Back to Spacy

KnowledgeBase

website/docs/api/kb.mdx

4.0.0.dev1010.0 KB
Original Source

The KnowledgeBase object is an abstract class providing a method to generate Candidate objects, which are plausible external identifiers given a certain textual mention. Each such Candidate holds information from the relevant KB entities, such as its frequency in text and possible aliases. Each entity in the knowledge base also has a pretrained entity vector of a fixed size.

Beyond that, KnowledgeBase classes have to implement a number of utility functions called by the EntityLinker component.

<Infobox variant="warning">

This class was not abstract up to spaCy version 3.5. The KnowledgeBase implementation up to that point is available as InMemoryLookupKB from 3.5 onwards.

</Infobox>

KnowledgeBase.__init__ {id="init",tag="method"}

KnowledgeBase is an abstract class and cannot be instantiated. Its child classes should call __init__() to set up some necessary attributes.

Example

python
from spacy.kb import KnowledgeBase
from spacy.vocab import Vocab

class FullyImplementedKB(KnowledgeBase):
  def __init__(self, vocab: Vocab, entity_vector_length: int):
      super().__init__(vocab, entity_vector_length)
      ...
vocab = nlp.vocab
kb = FullyImplementedKB(vocab=vocab, entity_vector_length=64)
NameDescription
vocabThe shared vocabulary. Vocab
entity_vector_lengthLength of the fixed-size entity vectors. int

KnowledgeBase.entity_vector_length {id="entity_vector_length",tag="property"}

The length of the fixed-size entity vectors in the knowledge base.

NameDescription
RETURNSLength of the fixed-size entity vectors. int

KnowledgeBase.get_candidates {id="get_candidates",tag="method"}

Given a certain textual mention as input, retrieve a list of candidate entities of type Candidate.

Example

python
from spacy.lang.en import English
nlp = English()
doc = nlp("Douglas Adams wrote 'The Hitchhiker's Guide to the Galaxy'.")
candidates = kb.get_candidates(doc[0:2])
NameDescription
mentionThe textual mention or alias. Span
RETURNSAn iterable of relevant Candidate objects. Iterable[Candidate]

KnowledgeBase.get_candidates_batch {id="get_candidates_batch",tag="method"}

Same as get_candidates(), but for an arbitrary number of mentions. The EntityLinker component will call get_candidates_batch() instead of get_candidates(), if the config parameter candidates_batch_size is greater or equal than 1.

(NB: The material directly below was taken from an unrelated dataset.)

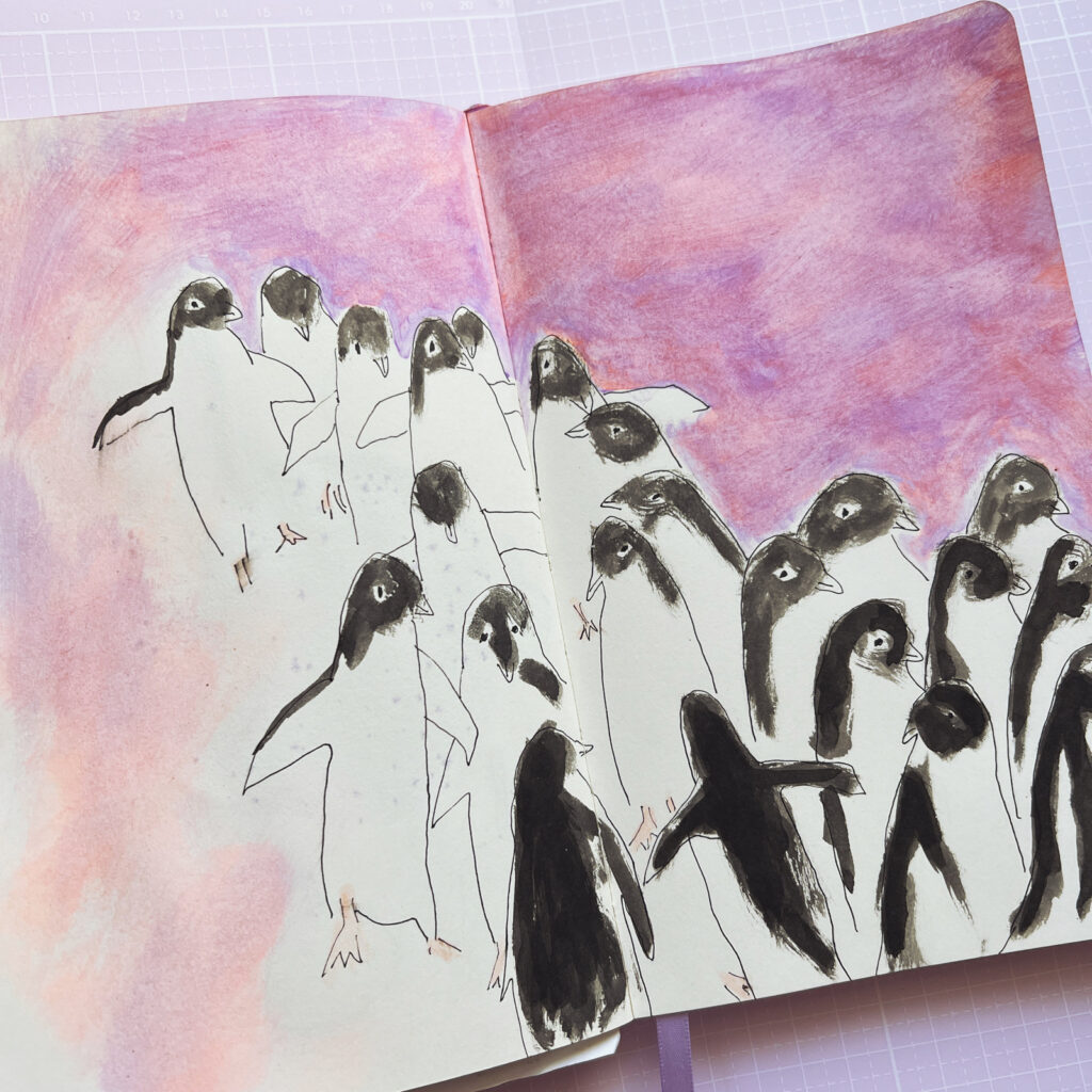 我其實不常畫背景,但是當我畫好企鵝們時,我想是要讓它留白還是畫上背景呢?老實說我没有可以填背景的工具,我的刷子都很小,唯一較大的刷子是給壓克力顏料用的,而我不愛用壓克力顏料,我也不愛用蠟筆,所以我總是跳過背景。

The default implementation of get_candidates_batch() executes get_candidates() in a loop. We recommend implementing a more efficient way to retrieve candidates for multiple mentions at once, if performance is of concern to you.

Example

python
from spacy.lang.en import English
nlp = English()
doc = nlp("Douglas Adams wrote 'The Hitchhiker's Guide to the Galaxy'.")
candidates = kb.get_candidates((doc[0:2], doc[3:]))
NameDescription
mentionsThe textual mention or alias. Iterable[Span]
RETURNSAn iterable of iterable with relevant Candidate objects. Iterable[Iterable[Candidate]]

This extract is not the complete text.